Items from a dataset

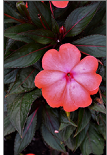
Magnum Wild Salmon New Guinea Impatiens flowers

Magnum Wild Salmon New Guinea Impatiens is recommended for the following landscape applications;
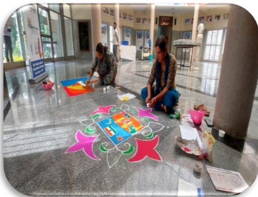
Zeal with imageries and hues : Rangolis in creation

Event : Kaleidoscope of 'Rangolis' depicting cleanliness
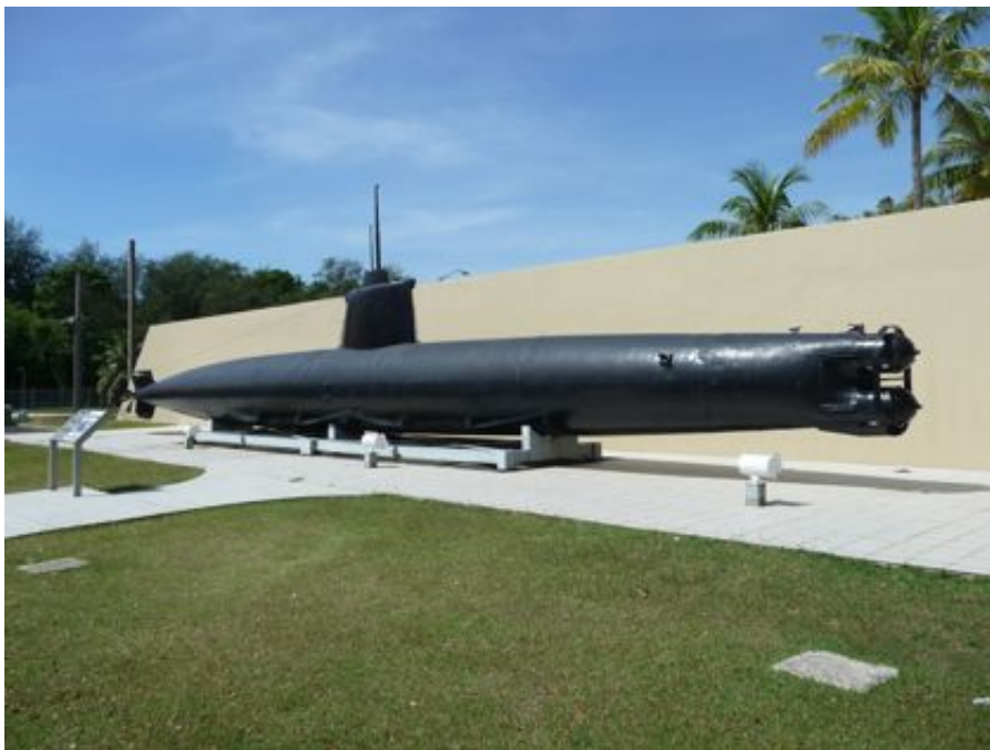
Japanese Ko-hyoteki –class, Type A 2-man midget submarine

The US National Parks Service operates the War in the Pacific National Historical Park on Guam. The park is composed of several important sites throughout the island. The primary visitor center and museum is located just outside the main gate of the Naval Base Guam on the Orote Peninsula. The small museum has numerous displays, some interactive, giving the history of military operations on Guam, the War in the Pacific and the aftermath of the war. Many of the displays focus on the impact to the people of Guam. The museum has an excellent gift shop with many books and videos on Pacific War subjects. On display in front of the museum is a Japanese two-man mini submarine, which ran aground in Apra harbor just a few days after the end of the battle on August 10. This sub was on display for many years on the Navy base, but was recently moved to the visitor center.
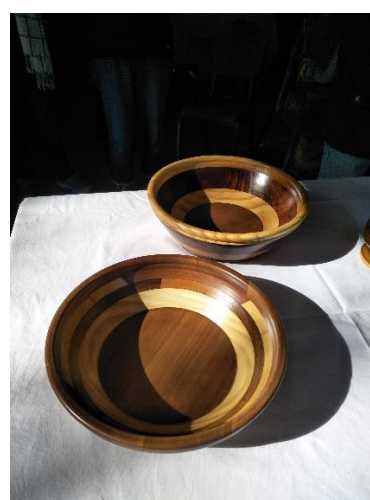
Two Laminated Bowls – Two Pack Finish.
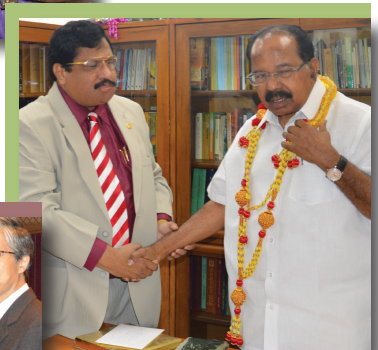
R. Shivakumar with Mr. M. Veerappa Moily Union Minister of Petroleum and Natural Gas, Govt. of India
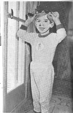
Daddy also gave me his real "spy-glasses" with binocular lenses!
==
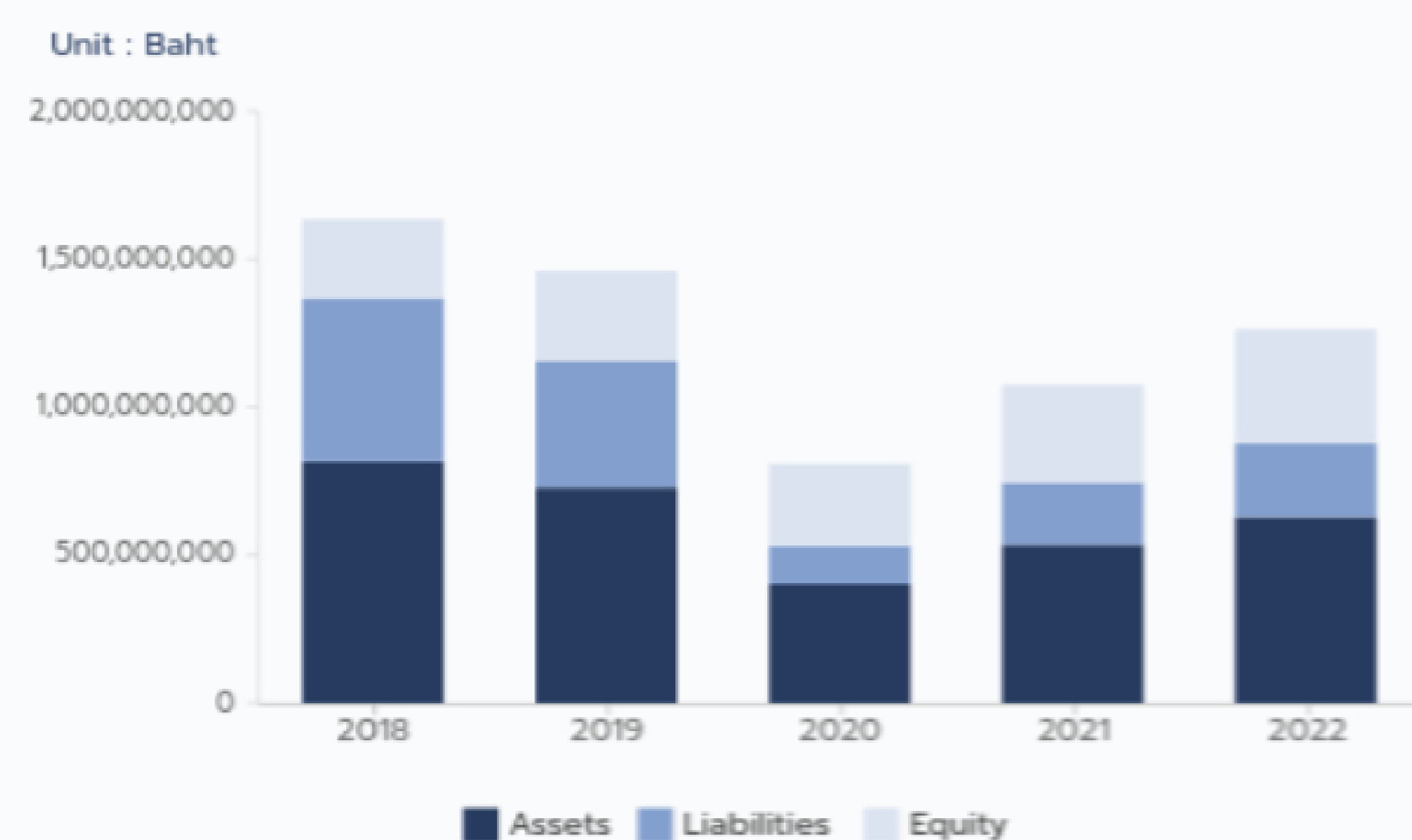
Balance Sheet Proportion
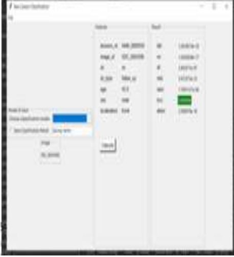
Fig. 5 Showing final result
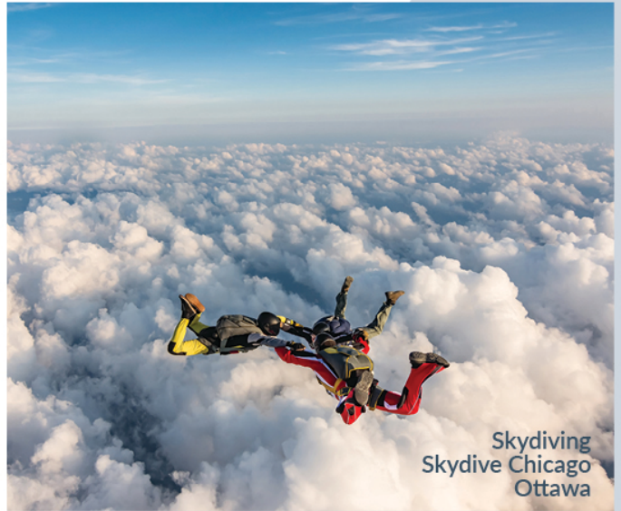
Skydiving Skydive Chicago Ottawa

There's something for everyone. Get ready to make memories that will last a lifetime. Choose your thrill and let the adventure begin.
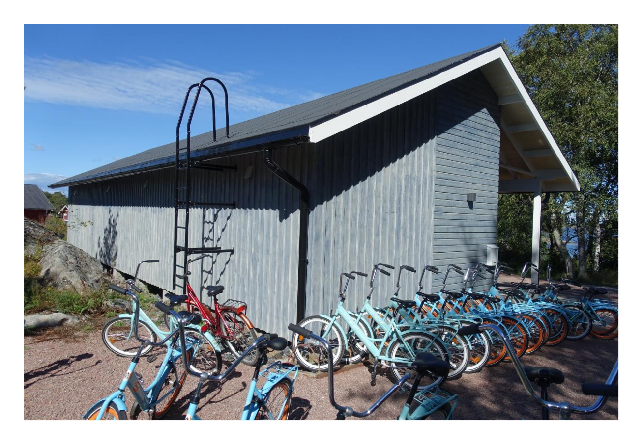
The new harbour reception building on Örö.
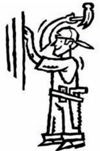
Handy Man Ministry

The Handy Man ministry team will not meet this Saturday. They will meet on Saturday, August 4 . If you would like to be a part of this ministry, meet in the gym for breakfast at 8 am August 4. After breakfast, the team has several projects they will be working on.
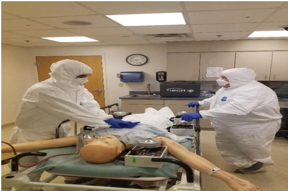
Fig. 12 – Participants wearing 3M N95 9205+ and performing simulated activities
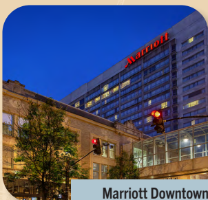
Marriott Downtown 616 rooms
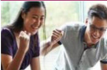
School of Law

(WHAT YOU SHOULD DO) State only the count of lines above that hold the string "Wild".

(RESULT OF THE TASK) 2